После завтрака он решил, что надо посидеть хотя бы полчаса, несмотря на то что ему очень хотелось уйти и было тяжело встречаться глазами с Андреем. В этом доме, где им никогда не соблюдались светские приличия — сначала он был слишком мал для них, а потом ему в голову не приходило, что это кому-нибудь нужно, — он решил, что уйти сегодня сразу после завтрака невозможно. Эта пустая мысль была лишь бессознательным следствием той отчужденности, которую ему здесь сегодня пришлось испытать; ему казалось, что он это делает из-за Жени. Скука была написана на его лице, текла в его молчании; Женя продолжала смотреть на него с любопытством и вполголоса переговаривалась с Андреем, сидя у него на кровати; Андрею было неловко, он старался не обращаться к Саше, но все время чувствовал его стеснительное присутствие. Прощаясь с ним в прихожей, он спросил с укором: «В чем, собственно, дело? Что за перемена?» На что Саша ответил — слова сорвались у него с языка, он не успел поразмыслить над ними, — что перемена не в нем, а в самом Андрее, что это всем давно ясно; и он предательски показал глазами в направлении комнаты, где сидела Женя.
Он вышел на улицу, он чувствовал себя измолотым на части, которые невозможно было собрать. Он остановился на перекрестке; так стоял он сегодня утром на незнакомой площади, и текли автомобили, и он любил, любил Лену и был счастлив, а сейчас… Он по-прежнему желал ее, но язва мертвящей всякую радость гордости открыто сочилась в его сердце. Словно эта гордость выжгла не только Лену из его сердца, но и Андрея, и Катю, и Жамье, который вдруг вспомнился просто старомодным, ожиревшим и не очень чистоплотным стариком. Словно в душе у Саши не осталось места ни для одного имени, ни для одного лица.
Нет, была тень, было имя, о которых вспомнил он в эти минуты и за которыми мысленно потянулся, ища сочувствия и сообщничества: это была хитрая и ветреная мать его, миссис Торн, которой довелось в жизни устроить свое благополучие, утешить алчное самолюбие и которая, с какими пошлыми слезами, с какими лживыми, сладкими словами, поняла бы его сейчас! Она бы взяла его голову тем движением, которому научилась лет двадцать пять тому назад у Сары Бернар, она бы назвала его «моей маленькой девочкой, моей доченькой», как называла его когда-то, когда его презирали и били мальчишки, когда в детском танцклассе, где-то в Чернышевском переулке, к ужасу отца, танцевал он «за даму» ша-кон и па-де-патинер.

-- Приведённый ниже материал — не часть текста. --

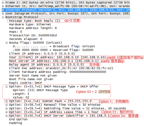 - 2 -- DHCPOFFER :服务器 响应发现请求默认单播 回复客户端;若 DISCOVER 中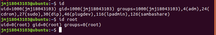 | (2)用id命令查看当前用户相关信息 | |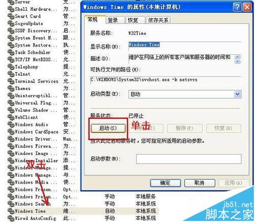 3、然后找到windows time服务项目,双击,再单击“启动”按钮。

Она была бы готова без конца слушать его самолюбивый рассказ о том, как им соблазнилась Лена Шиловская, как полюбила его и, не задумываясь ни над собой, ни над своей судьбой, стала его любовницей.
В библиотеке, под зеленоватым светом, у круглой чернильницы, ждали его заказанные накануне книги.
Опять, как каждый день, профессор уголовного права сидел развалясь напротив Саши и ковырял карандашом в носу; опять сухощавый, рябой аббат поникал геморроидальным лицом над папкой газет одиннадцатого года; вдалеке, подле высокой конторки, где сидел заведующий, где шныряла барышня с негритянским носом, раздавался по временам сиплый, короткий кашель служителя, ходившего от стола к столу, иногда забредавшего в тот угол, где сидел Саша; временами служитель наклонялся к сидящим в креслах за низкими столами и шептал что-то вроде: «сейчас принесут», «ваша взята», «обождите полчасика», и опять шел дальше. По диагонали от Саши сидела высокая костистая женщина лет пятидесяти, иногда ее закрывали спины и головы сидящих между ним и ею людей, но чаще всего он, когда поднимал голову, встречался с нею глазами, несмотря на то что между ними было шагов пятьдесят расстояния. Она думала над раскрытым томом устава уголовного судопроизводства, ее светлые безжизненные глаза были устремлены в одну точку — в самые глаза Саше. Она носила тюлевую грудку с воротником на косточках и поверх платья — золотые часы на золотой цепочке. Саша то прятался, то опять появлялся, а она не спускала с него глаз, не замечая его.